> _Exercise aim_: Transcribe the whole listing exactly; the images stay out.

> _Supplied information_:

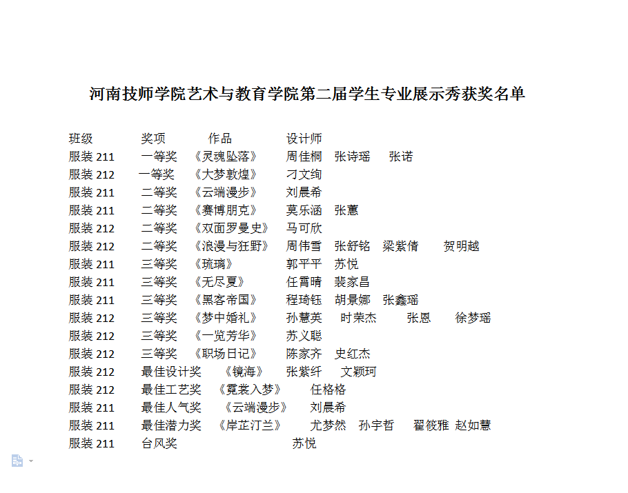 经过专家评委现场打分,本次展演共评选出一等奖2项、二等奖4项、三等奖6项,最佳设计奖、最佳工艺奖、最佳人气奖、最佳台风奖、最佳潜力奖各1项。同时,形象设计专业学生为本次展演演职人员提供了全流程的化妆保障服务。
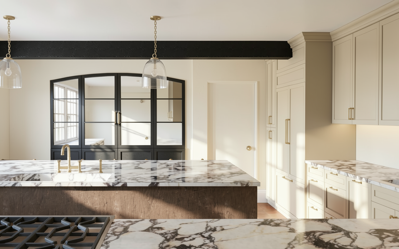 can you make the walls door ceiling and walls beneath the cabinets more of a plaster finish keep the color as shown keep everything else as shown
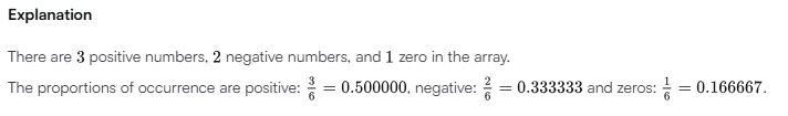 Given an array of integers, calculate the ratios of its elements that are , , and . Print the decimal value of each fraction on a new line with 6 places after the decimal.
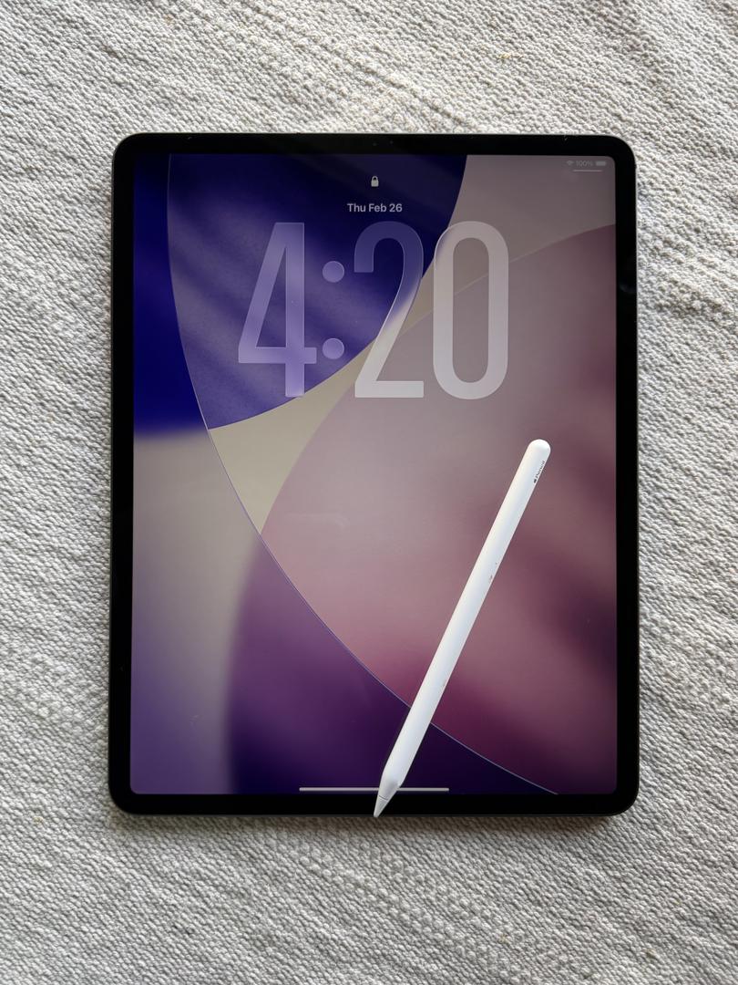 The iPad Pro 12.9” (4th generation) features a 12.9-inch Liquid Retina display with a resolution of 2732 x 2048, a PPI of 264, and a 600 nits max brightness. Other key display features include ProMotion technology, True Tone, wide color (P3), an anti-reflective coating, and a fingerprint-resistant oleophobic coating.
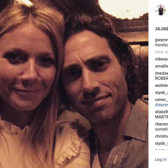 Alongside a grainy picture of the couple sat side-by-side, Gwyneth wrote on the photo-sharing website: "Happy birthday, handsome."
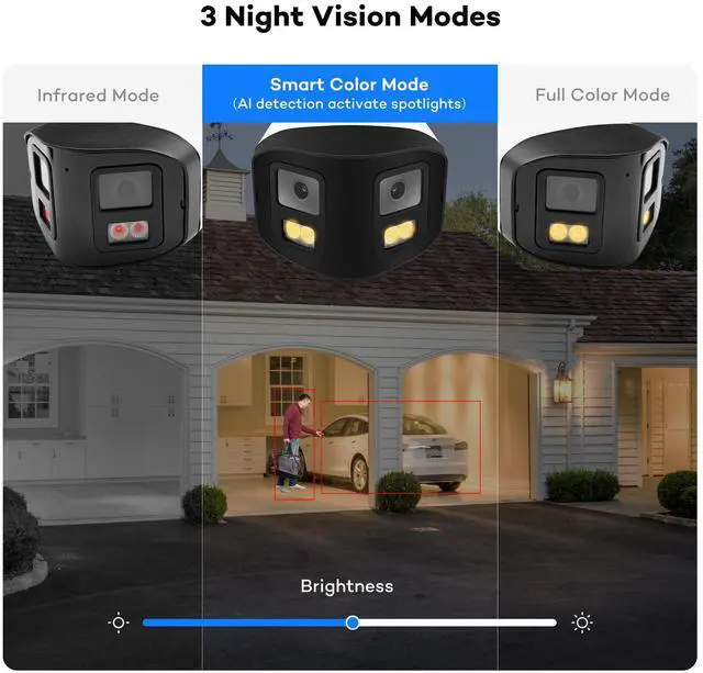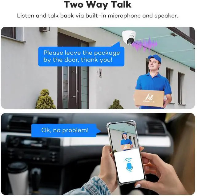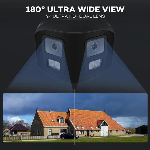4K 8MP Ultra HD-- 4096 (H) x 1944 (V) 8 million pixels. ^^ 180 Dual-Lens Ultra Wide Viewing Angle ^^ 2 Way Talk-- Hear and speak to anyone through the camera. ^^ Smart AI Human Vehicle Detection-- Reduce false alarms and save storage space. ^^ Smart Color Night Vision-- AI human vehicle detection trigger spotlights, deliver color night vision. ^^ IP66 Durable Housing-- Metal housing, indoors or outdoors, fully weatherproof. ^^ Troubleshoot Technical Issues-- We offer 24/7 professional technical support- Messages or 0.5 -2h PHONE support; we will solve it within 8 hours.
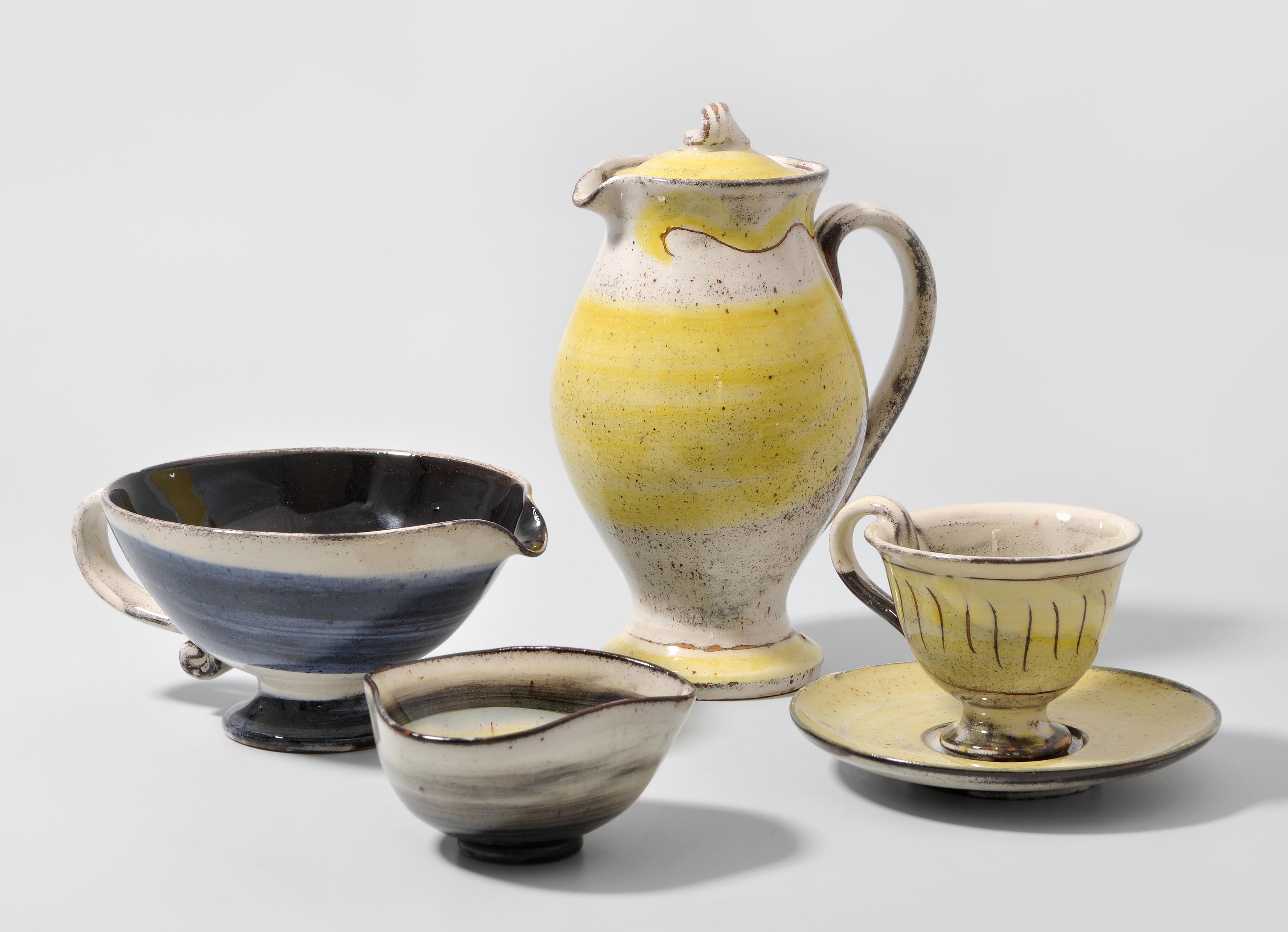 Keramik, bemalt. Bezeichnet: Künstlermarke (Fisch). Bestand: 1 Deckelkrug, 1 Cemier, 1 Zuckerschale, 8 Tassen mit U'tassen.
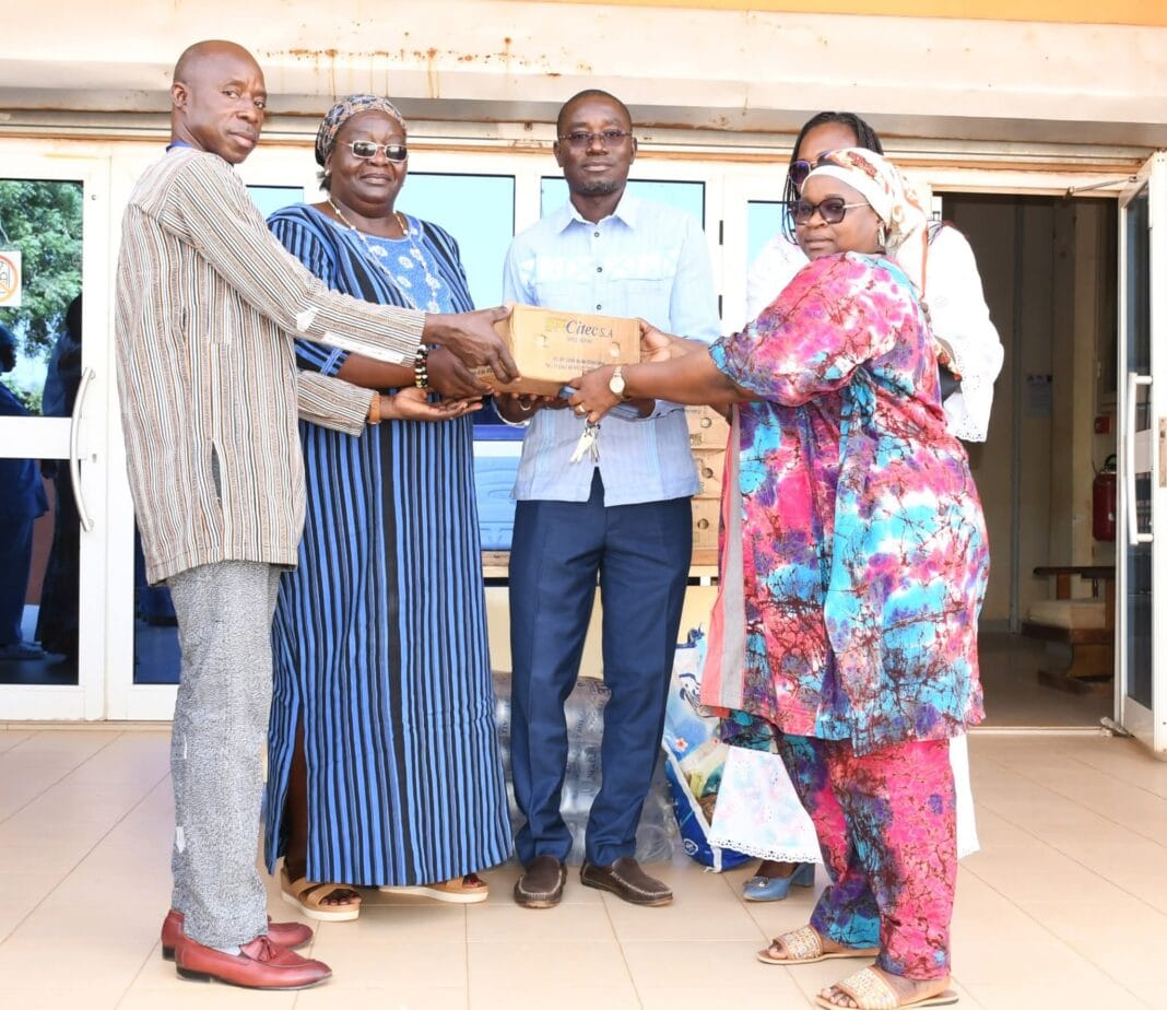 À l’occasion de son 50ᵉ anniversaire, célébré en ce mois de novembre 2025, Madame SAWADOGO/YONLI Possibo, sage-femme en service au Centre hospitalier universitaire pédiatrique Charles de Gaulle (CHUP-CDG), a posé un geste de solidarité en faisant un don au profit des enfants atteints de cancer pris en charge au sein de l’établissement. La remise du don, composé de cartons de savon, de produits d’hygiène, de couvertures, de packs d’eau et de médicaments anticancéreux, a eu lieu le lundi 17 novembre 2025, en présence du Directeur général du CHUP-CDG, Monsieur Issa ILBOUDO.
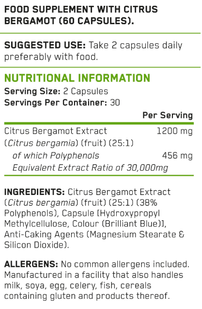Το εκχύλισμα Citrus Bergamot (25:1) της Applied Nutrition προσφέρει 38% πολυφαινόλες, συμβάλλοντας με φυσικό τρόπο στη στήριξη της καρδιαγγειακής λειτουργίας και της γενικής ευεξίας. Προερχόμενο από τον χυμό του φρούτου Citrus bergamia, περιλαμβάνει ισχυρά φυτοθρεπτικά συστατικά, όπως η ναρινγκίνη και η νεοεσπεριδίνη.
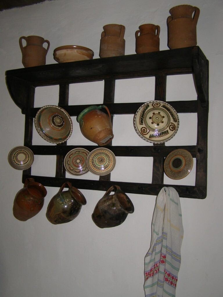 La primul nivel al casei sunt amenajate două încăperi, o bucătărie și o cameră, ambele fiind mobilate și decorate cu mobilier și obiecte din zona Vlădești, localitate cunoscută și în prezent pentru olărit și vastele livezi cu pomi fructiferi.
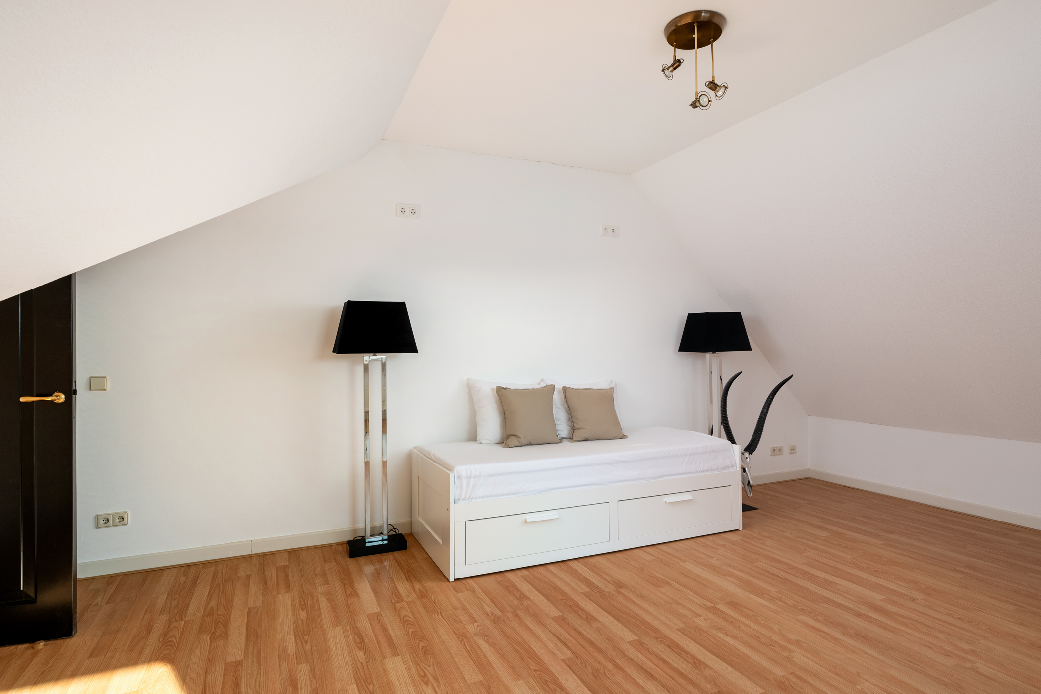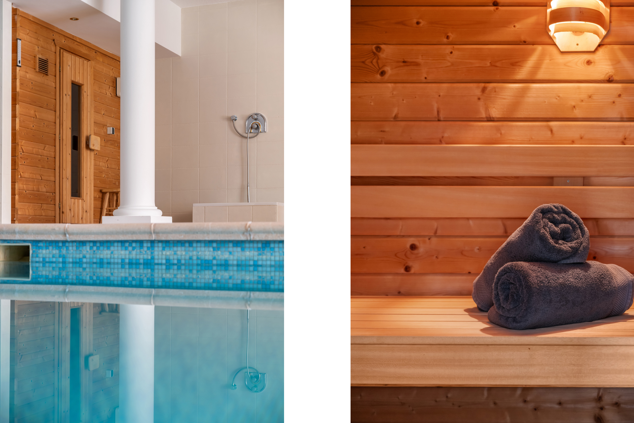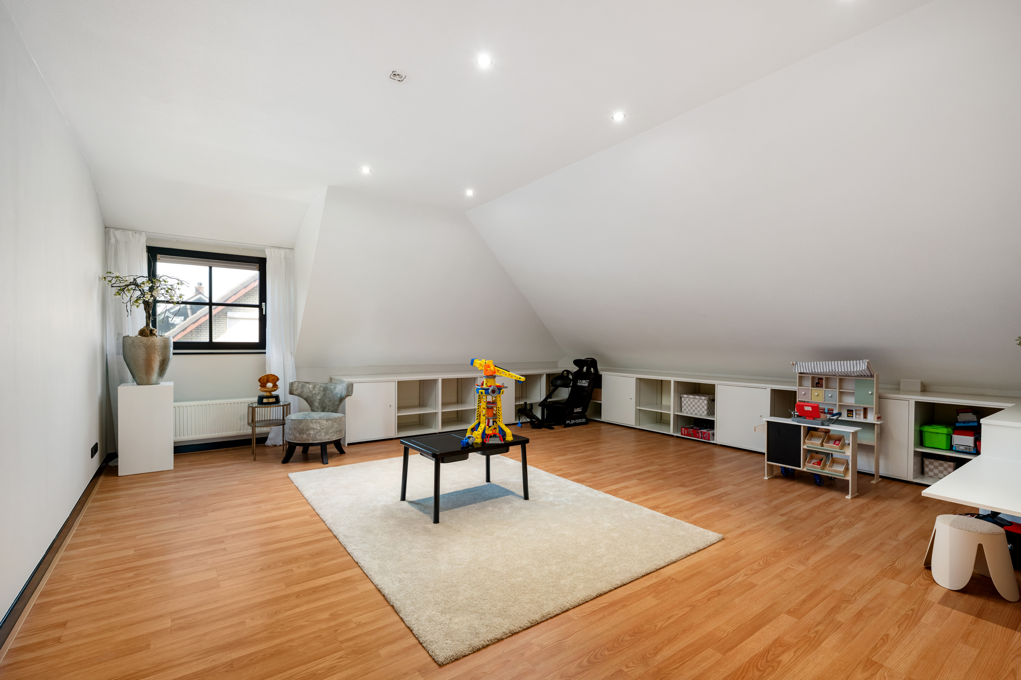 Through French doors, you enter the wellness area, which includes a technical room, pantry, sauna, toilet, and a luxurious indoor swimming pool. Sliding doors from the wellness area lead to the rear garden and the detached garage, which has a hobby greenhouse attached to the back.
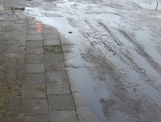 -Pomiędzy tymi blokami pan Namieciński wjeżdża do swojego domu. Od wielu lat parkujemy samochody po tej właśnie stronie drogi. Jak widać, jest przejazd, miejsce dla karetki pogotowia czy chociażby straży pożarnej. Stan drogi, jak można dostrzec, jest masakryczny w szczególności kiedy popada deszcz czy jak teraz są roztopy. Burmistrz nie ma na co pieniędzy wydawać gminnych pieniędzy, tylko na niepotrzebne znaki, których nigdy tutaj nie było?! – mówią poirytowani mieszkańcy.
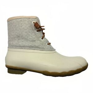 Sperry Women's Saltwater Emboss Wool Boots Waterproof White STS82473 sz 6.5
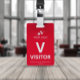 Crachá de visitante vertical com um simples design de branco contra fundo vermelho. Um V branco grande facilita o reconhecimento rápido do visitante como tal. Personalize com o logotipo da sua empresa.
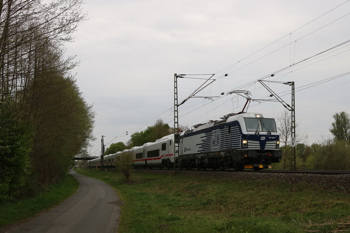 401 057 mit dem Taufnamen "Landshut" auf dem Weg von der Rheinmetropole Köln in die Hansestadt Hamburg bei der Durchfahrt in Sythen. Er ist einer von bislang zwei auf 9 Mittelwagen verkürzten ICE1 Triebzügen im Fernverkehr der Deutschen Bahn

> _Expected answer_:
 经过专家评委现场打分,本次展演共评选出一等奖2项、二等奖4项、三等奖6项,最佳设计奖、最佳工艺奖、最佳人气奖、最佳台风奖、最佳潜力奖各1项。同时,形象设计专业学生为本次展演演职人员提供了全流程的化妆保障服务。
 can you make the walls door ceiling and walls beneath the cabinets more of a plaster finish keep the color as shown keep everything else as shown
 Given an array of integers, calculate the ratios of its elements that are , , and . Print the decimal value of each fraction on a new line with 6 places after the decimal.
 The iPad Pro 12.9” (4th generation) features a 12.9-inch Liquid Retina display with a resolution of 2732 x 2048, a PPI of 264, and a 600 nits max brightness. Other key display features include ProMotion technology, True Tone, wide color (P3), an anti-reflective coating, and a fingerprint-resistant oleophobic coating.
 Alongside a grainy picture of the couple sat side-by-side, Gwyneth wrote on the photo-sharing website: "Happy birthday, handsome."
4K 8MP Ultra HD-- 4096 (H) x 1944 (V) 8 million pixels. ^^ 180 Dual-Lens Ultra Wide Viewing Angle ^^ 2 Way Talk-- Hear and speak to anyone through the camera. ^^ Smart AI Human Vehicle Detection-- Reduce false alarms and save storage space. ^^ Smart Color Night Vision-- AI human vehicle detection trigger spotlights, deliver color night vision. ^^ IP66 Durable Housing-- Metal housing, indoors or outdoors, fully weatherproof. ^^ Troubleshoot Technical Issues-- We offer 24/7 professional technical support- Messages or 0.5 -2h PHONE support; we will solve it within 8 hours.
 Keramik, bemalt. Bezeichnet: Künstlermarke (Fisch). Bestand: 1 Deckelkrug, 1 Cemier, 1 Zuckerschale, 8 Tassen mit U'tassen.
 À l’occasion de son 50ᵉ anniversaire, célébré en ce mois de novembre 2025, Madame SAWADOGO/YONLI Possibo, sage-femme en service au Centre hospitalier universitaire pédiatrique Charles de Gaulle (CHUP-CDG), a posé un geste de solidarité en faisant un don au profit des enfants atteints de cancer pris en charge au sein de l’établissement. La remise du don, composé de cartons de savon, de produits d’hygiène, de couvertures, de packs d’eau et de médicaments anticancéreux, a eu lieu le lundi 17 novembre 2025, en présence du Directeur général du CHUP-CDG, Monsieur Issa ILBOUDO.
Το εκχύλισμα Citrus Bergamot (25:1) της Applied Nutrition προσφέρει 38% πολυφαινόλες, συμβάλλοντας με φυσικό τρόπο στη στήριξη της καρδιαγγειακής λειτουργίας και της γενικής ευεξίας. Προερχόμενο από τον χυμό του φρούτου Citrus bergamia, περιλαμβάνει ισχυρά φυτοθρεπτικά συστατικά, όπως η ναρινγκίνη και η νεοεσπεριδίνη.
 La primul nivel al casei sunt amenajate două încăperi, o bucătărie și o cameră, ambele fiind mobilate și decorate cu mobilier și obiecte din zona Vlădești, localitate cunoscută și în prezent pentru olărit și vastele livezi cu pomi fructiferi.
 Through French doors, you enter the wellness area, which includes a technical room, pantry, sauna, toilet, and a luxurious indoor swimming pool. Sliding doors from the wellness area lead to the rear garden and the detached garage, which has a hobby greenhouse attached to the back.
 -Pomiędzy tymi blokami pan Namieciński wjeżdża do swojego domu. Od wielu lat parkujemy samochody po tej właśnie stronie drogi. Jak widać, jest przejazd, miejsce dla karetki pogotowia czy chociażby straży pożarnej. Stan drogi, jak można dostrzec, jest masakryczny w szczególności kiedy popada deszcz czy jak teraz są roztopy. Burmistrz nie ma na co pieniędzy wydawać gminnych pieniędzy, tylko na niepotrzebne znaki, których nigdy tutaj nie było?! – mówią poirytowani mieszkańcy.
 Sperry Women's Saltwater Emboss Wool Boots Waterproof White STS82473 sz 6.5
 Crachá de visitante vertical com um simples design de branco contra fundo vermelho. Um V branco grande facilita o reconhecimento rápido do visitante como tal. Personalize com o logotipo da sua empresa.
 401 057 mit dem Taufnamen "Landshut" auf dem Weg von der Rheinmetropole Köln in die Hansestadt Hamburg bei der Durchfahrt in Sythen. Er ist einer von bislang zwei auf 9 Mittelwagen verkürzten ICE1 Triebzügen im Fernverkehr der Deutschen Bahn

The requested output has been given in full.